Conspiracy theories aside? Er, the case against Megrahi was a conspiracy theory, in competition with another conspiracy theory, that the PFLP-GC did it. There is, of course, also an overarching theory about possible conspiracy to pervert the course of the investigation and trial. This story, one can hardly deny, is all about conspiracy theories wherever you look. If Robertson chooses to believe one conspiracy theory and discount the others, he can hardly be claiming to set all conspiracy theories aside. Which conspiracy theory do you believe, readers?
‘Which conspiracy theory do you believe, readers?’
I don’t know enough about the trial to say, but from what I do know, it had some very dubious aspects.
‘Conspiracy theory’ is itself a piece of unspeak which seems to mean ‘differing from the status quo opinion of the mainstream political/ media establishment’. It is interesting that some ‘rationalists’ like to use this meaningless word, which is harmful to rational debate, and have rushed to praise Aaronovitch’s book on the subject.
For example, I don’t think anyone would say it was a ‘conspiracy theory’ that the FSB blew up apartment blocks in Russia. Yet they would say that only a tin foil hatted loon would wonder why the government has been blocking a public enquiry into the 7/7 bombings.
That is not to argue that the government were responsible, but rather that the media has become very poor at investigative journalism and at pressuring the government.

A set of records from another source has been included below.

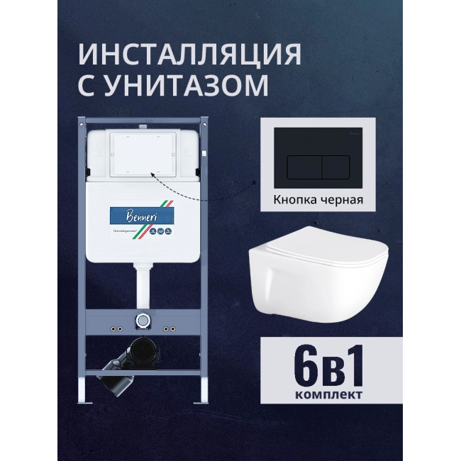 Комплект унитаз с инсталляцией, кнопкой и сиденьем микролифт Benneri B4.53.015D.AQ2012 купить с доставкой. 100% Оригинал. Гарантия!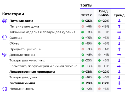 С точки зрения оценки трат за последние полгода респонденты уже отметили снижение расходов на предметы роскоши, путешествия, рестораны и электронику. При этом опрошенные заявили об увеличении расходов на ЖКХ, лекарственные препараты и медицинские услуги, продукты, связь и интернет, а также бытовую химию. Что касеется продуктов питания, то за последний год опрошенные увеличили траты на молочную продукцию (39% респондентов), свежие фрукты и овощи (36%), бакалею (34%), птицу (34%), яйца (33%) и мясную продукцию (33%) и сократили расходы на деликатесы и готовую еду (7%).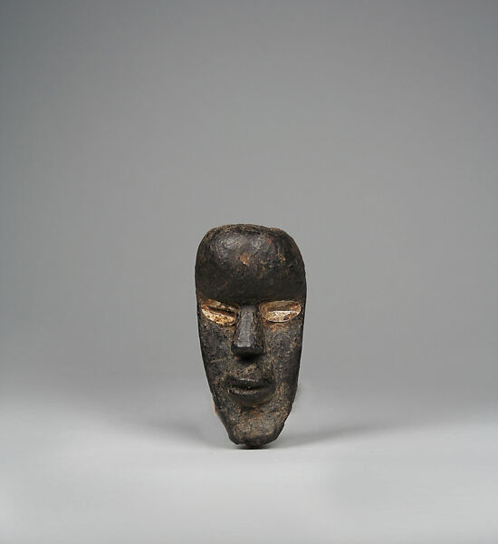 Most Dan face masks genre, and those of the culturally related groups of Côte d’Ivoire and Liberia, are commonly executed in a miniature form, ranging in height between 6 and 20 centimeters. Even the largest miniatures are too small to be worn in front of the face, and they rarely exhibit any means by which they may be attached to anything. The most common mask type represented in such diminutive form is deangle (attractive mask with slit eyes, performs a feminine behavior) while the least common miniature forms are masks with tubular eyes and animal mouths.

It is not to deny that there is a lot of bullshit out there about lizard people (etc) yet it seems that by placing everything under a blanket term, it discourages people from asking some good questions.
And as in this case, there are often counter conspiracies. For example, the show trials could be blamed on a misguided conspiracy theory, but they were part of a very true conspiracy to massacre the Kulaks.
For another thing, there is the argument that real conspiracies are unsuccessful, which is bullshit again. Look how long the tobacco companies hid evidence that cigarettes cause cancer.
The discussions of Aaronovitch’s book at AW(IWoD) (eg) were extremely helpful in convincing me that I didn’t need to read it.
But one of the odd things about the dismissive usage of “conspiracy theories” by Robertson in particular is that, as a barrister, he presumably knows that there is a criminal offence of conspiracy under which people are often convicted, since, as everyone knows, conspiracies do actually happen.
Conspiracy theories are a topic of real research in political science, at least in the US. Not ever conspiracy is a “conspiracy theory.” Conspiracy theories are a long-standing problem in the political discourse in the US. You can read a recent report by an expert on conspiracy theories in the US here http://www.publiceye.org/consp.....index.html . Further reading can be found here http://www.publiceye.org/conspire/index.html .
On World at One today they referred to “the man convicted of the Lockerbie bombing”. It would be interesting to know whether that reflects a deliberate policy.
Plus, this today from Hugh Miles.
…and films like “Conspiracy Theory” nicely defuse the possibility that once in a while, one might turn out to be true.
Although Mel Gibson as a mentally unstable taxi driver should have given it a certain verite edge.